We compared the performance of models from FaceBook’s Detectron project and YOLOv3 model from Joseph Redmon, when different error sources were added. The models from FaceBook’s Detectron project were FasterRCNN, MaskRCNN and RetinaNet.

[1]:
import re
from abc import ABC, abstractmethod

import matplotlib.pyplot as plt
from PIL import Image

from dpemu import runner
from dpemu.dataset_utils import load_coco_val_2017
from dpemu.filters.image import JPEG_Compression
from dpemu.ml_utils import run_ml_module_using_cli, load_yolov3
from dpemu.nodes import Array, Series
from dpemu.plotting_utils import print_results_by_model, visualize_scores
from dpemu.utils import get_project_root

We used 118 287 jpg images (COCO train2017) as the train set and 5000 images (COCO val2017) as the test set to calculate the mAP-50 scores.

[ ]:
def get_data():
    imgs, _, _, img_filenames = load_coco_val_2017()
    return imgs, img_filenames
[2]:
def get_err_root_node():
    err_node = Array()
    err_root_node = Series(err_node)
    err_node.addfilter(JPEG_Compression("quality"))
    return err_root_node

Examples from run_yolo_example.py

quality: 5

image0

quality: 15

image1

quality: 25

image2

quality: 40

image3

[3]:
def get_err_params_list():
    return [{"quality": q} for q in range(5, 45, 5)]
[4]:
class Preprocessor:

    def run(self, _, imgs, params):
        img_filenames = params["img_filenames"]

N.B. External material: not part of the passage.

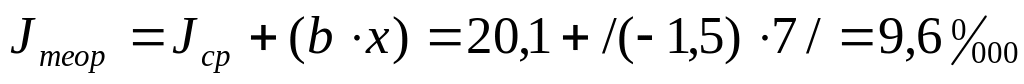 Имея значения Jср и b по формуле Jтеор= Jср+ (b х) находим значение теоретических уровней заболеваемости для каждого года. Например, Jтеор для 1992г равно:
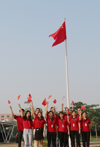 為熱烈慶祝新中國成立70周年,充分激發(fā)全體員工的愛國主義情懷,2019年9月30日上午,福日電子全資子公司深圳市中諾通訊有限公司在東莞以諾工業(yè)園區(qū)舉行了莊嚴(yán)的升國旗儀式。幾千名員工身著統(tǒng)一紅色司服,排著整齊的方陣。伴隨著雄壯的國歌聲,鮮艷的五星紅旗冉冉升起,全體員工滿懷崇敬之情向國旗行注目禮,愛國愛企的激情在大家心中激蕩。升旗儀式結(jié)束后,公司還組織員工開展“我與國旗”同框合影活動。

        for i, img_arr in enumerate(imgs):
            img = Image.fromarray(img_arr)
            path_to_img = f"{get_project_root()}/tmp/val2017/" + img_filenames[i]
            img.save(path_to_img, "jpeg", quality=100)

        return None, imgs, {}

Detectron’s model zoo had pretrained weights for FasterRCNN, MaskRCNN and RetinaNet. YOLOv3’s weights were trained by us, using the Kale cluster of University of Helsinki. The training took approximately five days when two NVIDIA Tesla V100 GPUs were used.

[5]:
class YOLOv3Model:

    def run(self, _, imgs, params):
        path_to_yolov3_weights, path_to_yolov3_cfg = load_yolov3()

        cline = f"{get_project_root()}/libs/darknet/darknet detector map {get_project_root()}/data/coco.data \
            {path_to_yolov3_cfg} {path_to_yolov3_weights}"
        out = run_ml_module_using_cli(cline, show_stdout=False)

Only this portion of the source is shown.